Cohesity Backup Validation Toolkit
To make things simpler, you can download Cohesity Backup Validation toolkit from here and with minimal scripting knowledge it is easy to automate validation process.
After downloading it is time to create some config-files. Lets start with environment.json -file. This file contains connection information for both Cohesity, and VMware vSphere environments. Create file with content:
{ "cohesityCluster": cohesity-01.organisation.com", "cohesityCred": "./cohesity_cred.xml", "vmwareServer": "vcenter-01.organisation.com", "vmwareResourcePool": "Resources", "vmwareCred": "./vmware_cred.xml" }
After this we need to create actual config.json -file containing information about each virtual machine we are about to test.
This file also defines tests per VM so it is very easy to define multiple tests but only use selected per VM. Script also enables you to attach VM to needed test network, and change IP address to different for testing purpose so you don’t need to test with overlapping production IPs, or create siloed networking for VMware.
Note that VMs don’t need to be protected with same protection job making this more scalable since propably you have different job for web frontends and actual backend databases.
{ "virtualMachines": [ { "name": "Win2012", "guestOS": "Windows", "backupJobName": "VM_Job", "guestCred": "./guestvm_cred.xml", "VmNamePrefix": "0210-", "testIp": "10.99.1.222", "testNetwork": "VM Network", "testSubnet": "24", "testGateway": "10.99.1.1", "tasks": ["Ping","getWindowsServicesStatus"] }, { "name": "mysql", "guestOS": "Linux", "linuxNetDev": "eth0", "backupJobName": "VM_Job", "guestCred": "./guestvm_cred_linux.xml", "VmNamePrefix": "0310-", "testIp": "10.99.1.223", "testNetwork": "VM Network", "testSubnet": "24", "testGateway": "10.99.1.1", "tasks": ["Ping","MySQLStatus"] } ] }
And then final step is to create actual credential files. To prevent having usernames and password in configuration files in plaintext format we can use simple powershell script to create these. You can have one shared credential file for all VMs, or you can have one per VM. Note that these users must have administrator level access to VMs to change IP network to test network.

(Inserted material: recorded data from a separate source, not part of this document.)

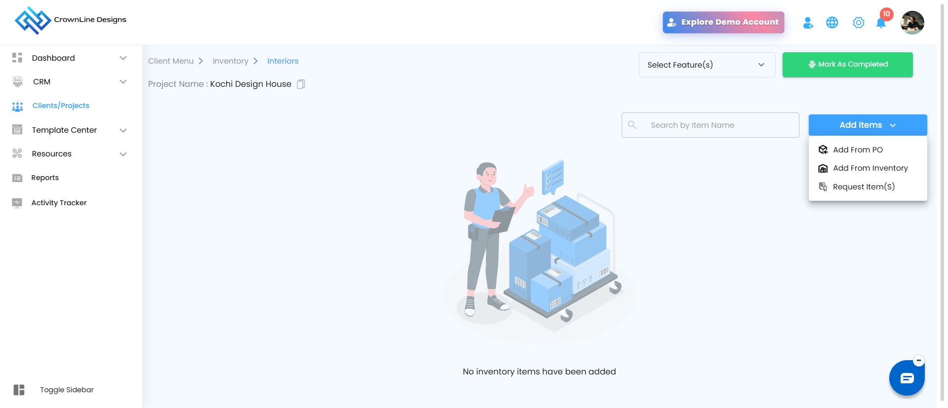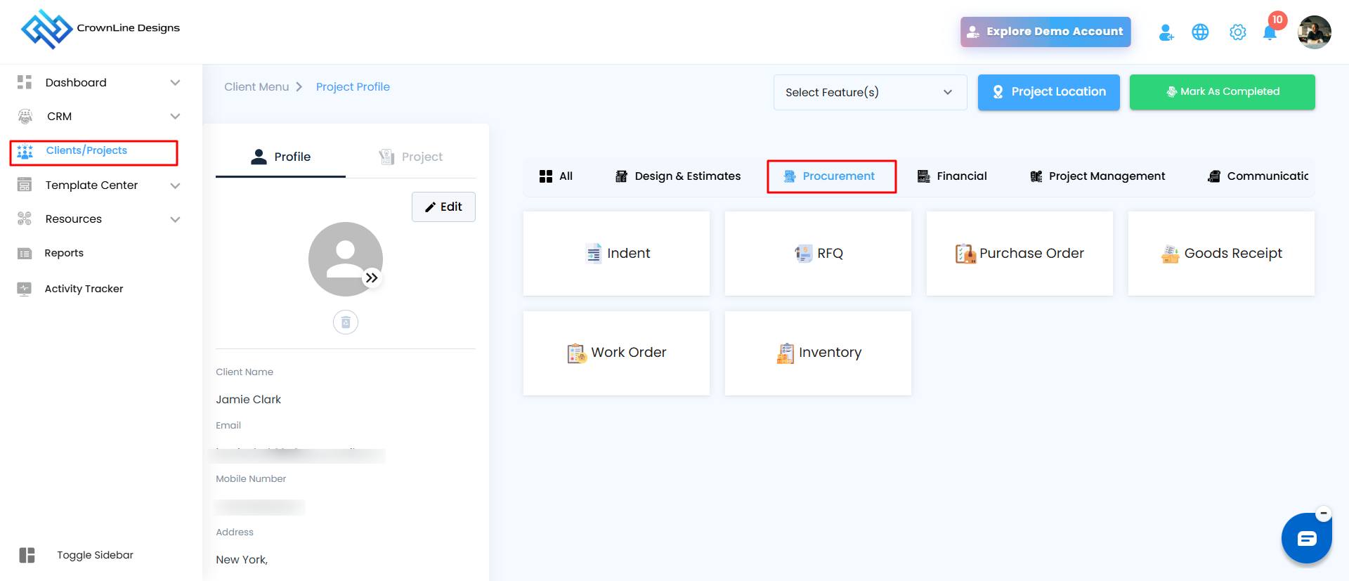 Navigate to Clients/Projects from the main sidebar.
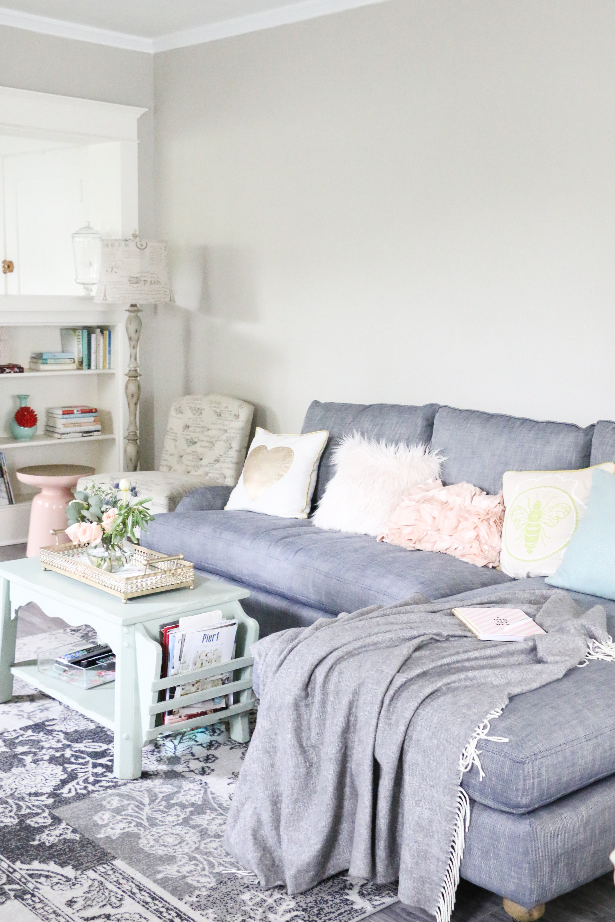 So then we headed over to our local Restoration Hardware outlet (definitely a plus to living in Long Beach!). I found a ton of pretty chairs, linens, rugs and then spotted this sofa. We passed by it a few times before we tested it’s comfort level. It was perfect. Right size, chaise was on the correct side and I loved the English rolled arms. Many of the sofas I pinned over the past few weeks had rolled arms (they are shorter and more elegant). We put the sofa on hold and debated for some time if we should make the investment. I also could not figure out the color. From some angles it looks grey other blue. Technically it is a perennial navy textured weave, which makes it great for parties (aka spills). It’s a fabric that can exist indoors or outdoors, but is still for comfortable and soft. We knew whatever sofa we purchased needed to last a few years. This one definitely has longevity. I’d like to move on to other pieces in our home (like the dining room, yikes) and not have to worry about replacing a sofa in year or two.
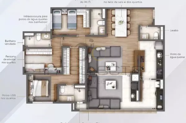 Área de lazer completa: hall social, pet place, bicicletário, salão de jogos, academia, salão de festas, espaço gourmet, churrasqueira, brinquedoteca, playground, quadra recreativa, piscinas com solarium, bangalôs e deck molhado.
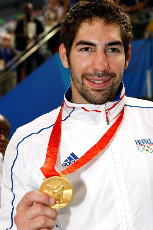 | Supercup 2008: HBL-Vorstand Rainer Witte beglückwünscht Thierry Omeyer zum Olympiasieg. | Supercup 2008: HBL-Vorstand Rainer Witte beglückwünscht Nikola Karabatic zum Olympiasieg. | Olympia 2008: Thierry Omeyer mit der Goldmedaille. | Olympia 2008: Nikola Karabatic mit der Goldmedaille. | |||

To create credential files you can use included createCredentials.ps1 script which will create only one guestvm_cred.xml file but if you want to create more you can just simply run simple powershell command:
Get-Credential | Export-Clixml -Path guestvm_more.xml
Since this file is encrypted it can be only accessed with same user who created file, so make sure that you create credential files with same user you are using for running testing scripts.
So How Does it Work?
Here is an example run to clone two virtual machines (one Linux and one Windows) and run different set of tests on each VM.

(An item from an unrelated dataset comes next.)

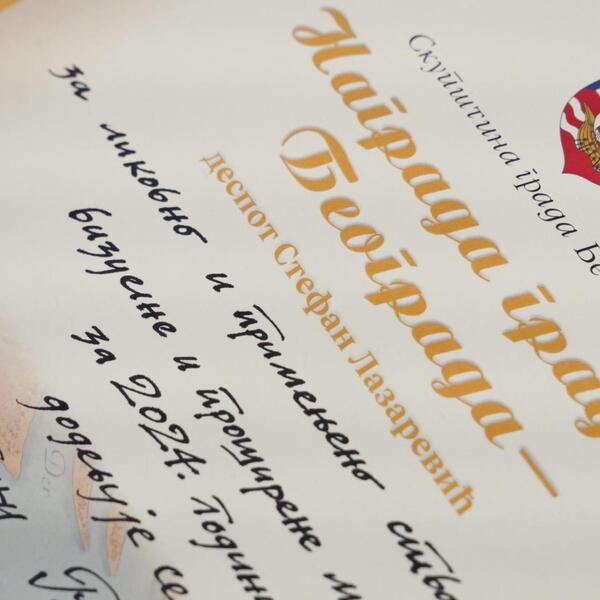 Gradonačelnik Aleksandar Šapić i predsednik Skupštine grada Nikola Nikodijević danas su na svečanosti u Starom dvoru uručili laureatima Nagradu grada Beograda – despot Stefan Lazarević, Nagradu grada Beograda za stvaralaštvo mladih i Nagradu „Svetislav Stojanović” za 2024. godinu. Šapić je dobitnicima nagrada poželeo dobrodošlicu u zdanje Starog dvora i rekao da je siguran da su komisije za dodelu nagrada uradile dobar posao. – Velika mi je čast i zadovoljstvo da obavljam funkciju gradonačelnika i da budem „prvi među jednakima” u gradu u kojem sam rođen, u kojem sam odrastao i koji volim najviše na svetu, kao i svaki drugi Beograđanin. Naš grad je tokom istorije puno stvari „pregurao i prelomio preko glave”. Mislim da svako od nas ima obavezu da ga čuva, voli, te da učini sve da bismo ga u što boljem stanju ostavili budućim pokolenjima. To nikada ne smemo da zaboravimo, bez obzira na raznorazne procese i situacije kroz koje je prolazio. Tokom istorije Beograd je prošao kroz mnoge teške periode, ali je uvek uspevao da „preživi” zahvaljujući, pre svega, ljudima koji su ovde živeli i koji su ga čuvali. To je obaveza svih nas koji danas u Beogradu živimo i radimo. Čuvajmo naš Beograd, jer drugi nemamo – poručio je Šapić i još jednom čestitao laureatima. U ime nagrađenih obratila se Suzana Rajić, koja je ovu prestižnu nagradu dobila za delo iz oblasti društvenih i humanističkih nauka za monografiju „Knez Milan Obrenović od beratlije do suverena”. Ona je Skupštini Grada Beograda zahvalila što prepoznaje, stimuliše i nagrađuje pregnuća stvaraoca iz oblasti nauke, kulture i umetnosti. – To je najbolji pokazatelj da Grad odlično zna i uviđa svoje mesto i ulogu u ovom izuzetno složenom zadatku. Podsticaj koji stvaraoci ovim putem dobijaju jeste i obaveza da nastave da utiru put, mukotrpan, ali jedini pravi put novih saznanja i dostignuća, onaj koji nudi bolju budućnost celokupnom našem narodu – kazala je Suzana Rajić. Nagrada grada Beograda dodeljuje se u okviru manifestacije „Dani Beograda” zaslužnim pojedincima koji su svojim radom i delima u prethodnoj godini izuzetno unapredili kulturni, naučni, privredni i sportski život u našem gradu. Dobitnici Nagrade grada Beograda – despot Stefan Lazarević su: za književnost i prevodno stvaralaštvo Borivoj Gerzić, za likovno i primenjeno stvaralaštvo, vizuelne i proširene medije Dragan Rajšić, za muzičko i muzičko-scensko stvaralaštvo Marko Kovač, za delo iz oblasti društvenih i humanističkih nauka Suzana Rajić, za delo iz oblasti prirodnih i tehničkih nauka dr Jelena Lević, za oblast nauka – pronalazaštvo prof. dr Aleksandra Ivetić, za arhitekturu i urbanizam arhitekta Aleksandra Šević. Za oblast poljoprivrede nagradu je dobilo porodično poljoprivredno gazdinstvo Marka Vilotića iz Grabovca, opština Obrenovac, za novinarstvo dr Milivoje Pavlović, za sport Miloš Ćuk, za dugogodišnji rad i trajni doprinos razvoju grada Beograda posthumno Igor Bojović, a za stvaralaštvo mladih Kosta Stojanović. Dobitnici Nagrade „Svetislav Stojanović” za 2024. godinu su: za pojedinca Miloš Maksimović, za vatrogasnu jedinicu Vatrogasno-spasilačka četa Novi Beograd.

First script gets configuration files and connects to Cohesity cluster and VMware vSphere vCenter environments. Then it will start clone process for VMs
and after clone process is done it will move to actual validation phase where we will first check that clone task is in success state and actual VMware VM’s are powered on with VMware Tools running in VMs cloned.
When VMs are up and VMware Tools are running we will run test per VM to ensure that we can push scripts trough VMware Tools. Next task is to move VMware VM to correct VM Network and then change IP configuration for each VM.

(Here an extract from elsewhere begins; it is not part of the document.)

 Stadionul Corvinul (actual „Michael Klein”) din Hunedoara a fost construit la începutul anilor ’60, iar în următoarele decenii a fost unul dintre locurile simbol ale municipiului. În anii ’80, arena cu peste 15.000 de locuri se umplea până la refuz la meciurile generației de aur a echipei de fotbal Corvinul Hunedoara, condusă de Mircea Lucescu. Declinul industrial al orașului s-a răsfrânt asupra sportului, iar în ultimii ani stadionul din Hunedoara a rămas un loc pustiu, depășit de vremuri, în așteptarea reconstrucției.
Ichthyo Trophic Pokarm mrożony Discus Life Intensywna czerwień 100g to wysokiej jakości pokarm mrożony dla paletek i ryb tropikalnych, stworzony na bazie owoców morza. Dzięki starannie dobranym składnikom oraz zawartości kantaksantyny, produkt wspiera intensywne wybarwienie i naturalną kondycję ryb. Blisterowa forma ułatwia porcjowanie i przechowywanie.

After moving VMs to correct network we will run tests for each VM
and after running tests we will clean clones automatically from Cohesity and VMware environment
Notes
This automation toolkit is not officially provided by Cohesity. Any bugs can be reported to me directly. There are some limitations with this toolkit:
You can use it only for VMware environments running vCenter
You can run tests only against Linux and Windows virtual machines and Windows machines need to have PowerShell installed.
Hope that this simple toolkit helps you to automate your organisations backup validations!